*** DATASET EXTRACT ***

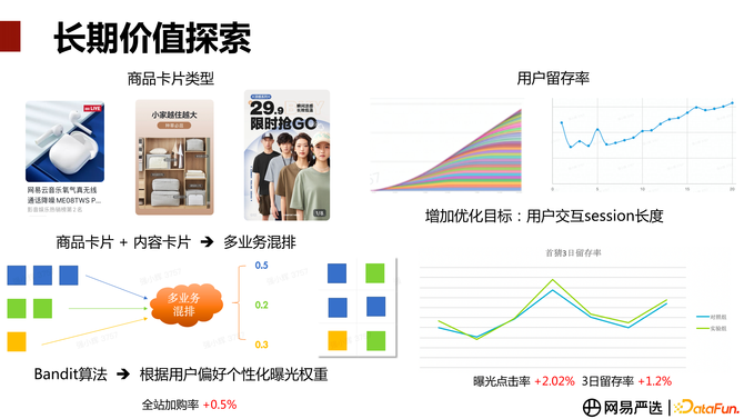 此外,我们还做了一些提升长期价值的探索工作,分别是多业务混排和用户留存优化。我们有很多业务模块,除了向用户透出商品卡片,还需要拓出场景化的如榜单、清单卡片、活动卡片等,这些信息在同一个模块展示,如何做到个性化的页面布局,需要做混排策略,我们基于汤普森采样算法[7],根据线上用户的实时行为交互,做 Reward 反馈,这个反馈对每个用户去拟合 Beta 分布,在 Beta 分布上算用户对三种卡片的点击概率。如果用户刚点击过很多场景化卡片,可能后续会推更多场景化卡片。但场景化或者活动性卡片,对于我们的业务价值可能不如商品卡片那么高, 如何判断混排这个动作到底有没有价值,需要去做比较长时间周期(1个月以上)的 AB 实验 ,观察单个模块和全站数据表现,如果全站 UV 价值和全站加购率提升,那混排就是有价值的。
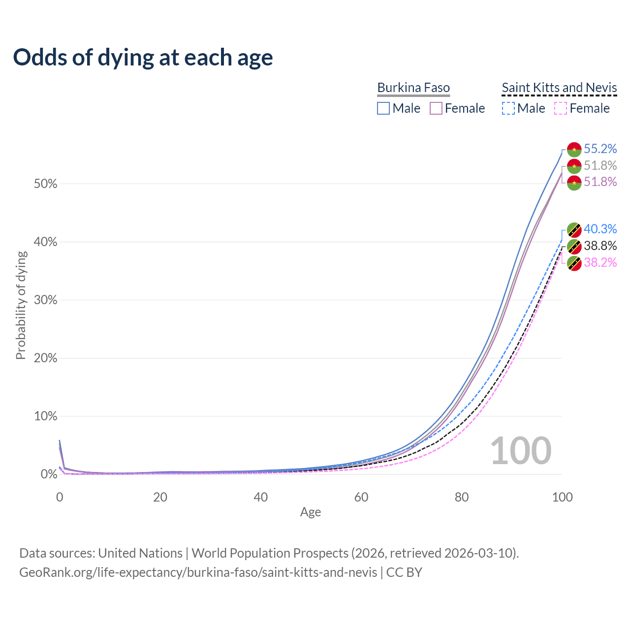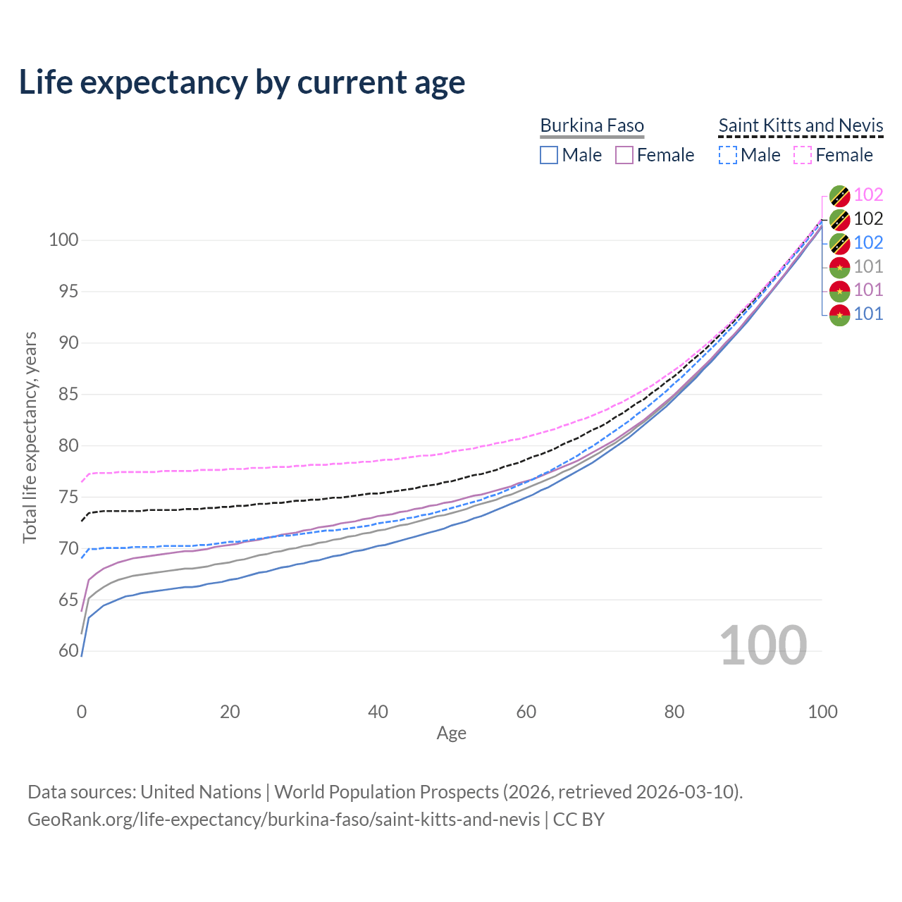 This life expectancy calculator shows the odds of living to 100, 95, 90, and below based on current age for both males and females in Burkina Faso and Saint Kitts and Nevis, along with mean and median age of death. The calculations are based on the 2026 life tables (actuarial tables) from the UN World Population Prospects.
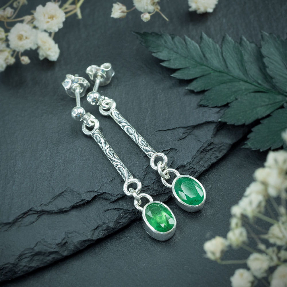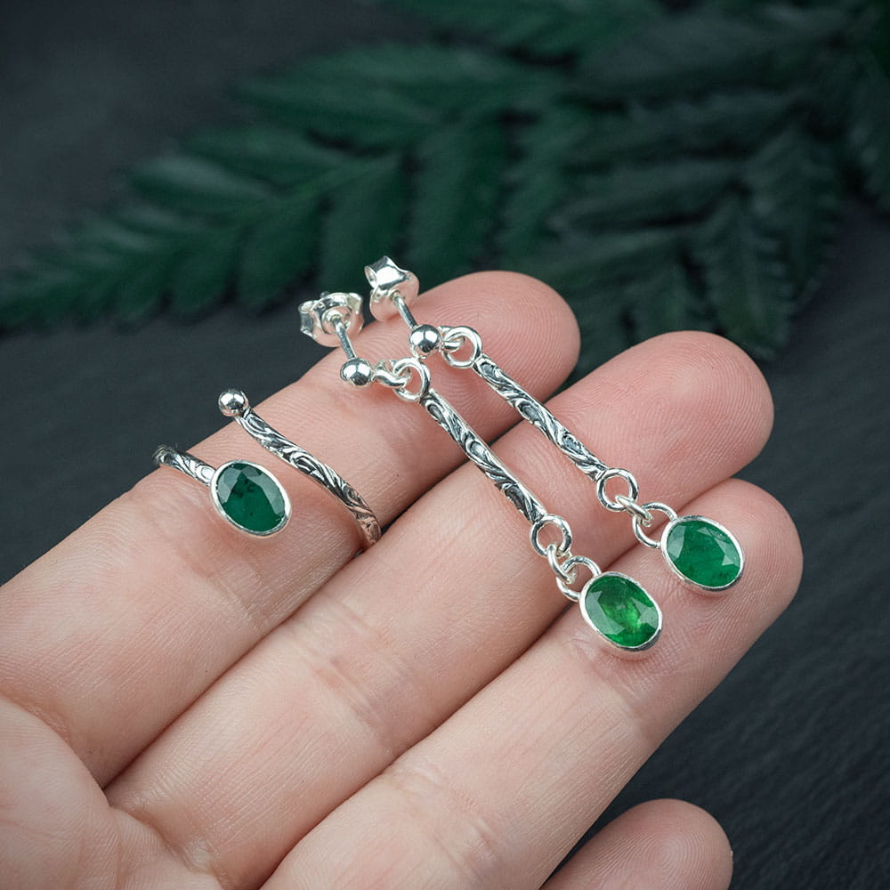Srebrny komplet biżuterii Flora ze szmaragdem

*** End of DATASET EXTRACT ***

■ DESCRIPTION OF THE TASK:
With the pictures set aside, copy each line above as written.

■ RESULT OF THE TASK:
 此外,我们还做了一些提升长期价值的探索工作,分别是多业务混排和用户留存优化。我们有很多业务模块,除了向用户透出商品卡片,还需要拓出场景化的如榜单、清单卡片、活动卡片等,这些信息在同一个模块展示,如何做到个性化的页面布局,需要做混排策略,我们基于汤普森采样算法[7],根据线上用户的实时行为交互,做 Reward 反馈,这个反馈对每个用户去拟合 Beta 分布,在 Beta 分布上算用户对三种卡片的点击概率。如果用户刚点击过很多场景化卡片,可能后续会推更多场景化卡片。但场景化或者活动性卡片,对于我们的业务价值可能不如商品卡片那么高, 如何判断混排这个动作到底有没有价值,需要去做比较长时间周期(1个月以上)的 AB 实验 ,观察单个模块和全站数据表现,如果全站 UV 价值和全站加购率提升,那混排就是有价值的。
 This life expectancy calculator shows the odds of living to 100, 95, 90, and below based on current age for both males and females in Burkina Faso and Saint Kitts and Nevis, along with mean and median age of death. The calculations are based on the 2026 life tables (actuarial tables) from the UN World Population Prospects.
Srebrny komplet biżuterii Flora ze szmaragdem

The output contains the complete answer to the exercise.